- GS Dashboard
- Financials
- Filings
- Holdings
- Transcripts
- ETFs
- Insider
- Institutional
- Shorts
-
CORRESP Filing
The Goldman Sachs Group, Inc. (GS) CORRESPCorrespondence with SEC
Filed: 21 Oct 08, 12:00am
Via EDGAR, U.S. Mail and Facsimile to (202) 772-9210*
October 21, 2008
United States Securities and Exchange Commission
Division of Corporation Finance
100 F Street, NE
Washington, D.C. 20549
Attention: | Mr. Daniel Gordon Branch Chief Mail Stop 4561 |
Re: | The Goldman Sachs Group, Inc. Form 10-K for the Fiscal Year ended November 30, 2007 (“2007 Form 10-K”) Form 10-Q for the Fiscal Quarter ended May 30, 2008 (“May 2008 Form 10-Q”) File No. 001-14965 |
Dear Mr. Gordon:
We are in receipt of the letter, dated September 30, 2008, to David A. Viniar, Chief Financial Officer of The Goldman Sachs Group, Inc. (the “Company”), from the staff (the “Staff”) of the Securities and Exchange Commission (the “Commission”), relating to our response to the Staff’s letter, dated August 8, 2008, regarding the above-referenced filings. We thank the Staff for its careful consideration of our response letter, and we look forward to resolving the Staff’s additional comment. For your convenience, we have included the Staff’s comment below, followed by our response.

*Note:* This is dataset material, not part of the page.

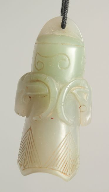 A CHINESE CARVED JADE PENDANT on string, jade 6cm.

Form 10-K for the year ended November 30, 2007
Item 2 – Management’s Discussion and Analysis of Financial Condition and Results of Operations, page 62
1. | We have reviewed your response to comment 1. You state in your response that certain expected rule and market share changes have to occur for the NYSE to recapture its lost market share and these expected changes are factored into the estimated future cash flows incorporated into your impairment test. Please address the following items as they relate to your calculation of the expected cash flows of your specialist rights intangible asset: |
_____________________
* | Certain confidential portions of this letter were omitted by means of redacting a portion of the text. The word “[Redacted]” has been inserted in place of the portions so omitted. Copies of the letter containing the redacted portions have been filed separately with the Commission subject to a request for confidential treatment pursuant to Rule 83 of the Commission’s Rules on Information and Requests. |
· | In determining the expected cash flows, tell us how you determined that it was appropriate to assume that the proposed rule changes would take effect given that they were recently proposed as of December 31, 2007 and the rule changes would have a probable impact on expected cash flows. |
During the latter part of 2007, NYSE management met with the specialists to review the NYSE’s proposed rule changes which had been previously discussed with representatives of the SEC in July 2007. During those meetings, the NYSE indicated that they expected approval in early 2008. Based on these discussions we thought it was probable that these, or similar, rule changes would be proposed and enacted. In addition, the NYSE’s proposals were publicized in the press during November 2007 and later confirmed on the NYSE’s website.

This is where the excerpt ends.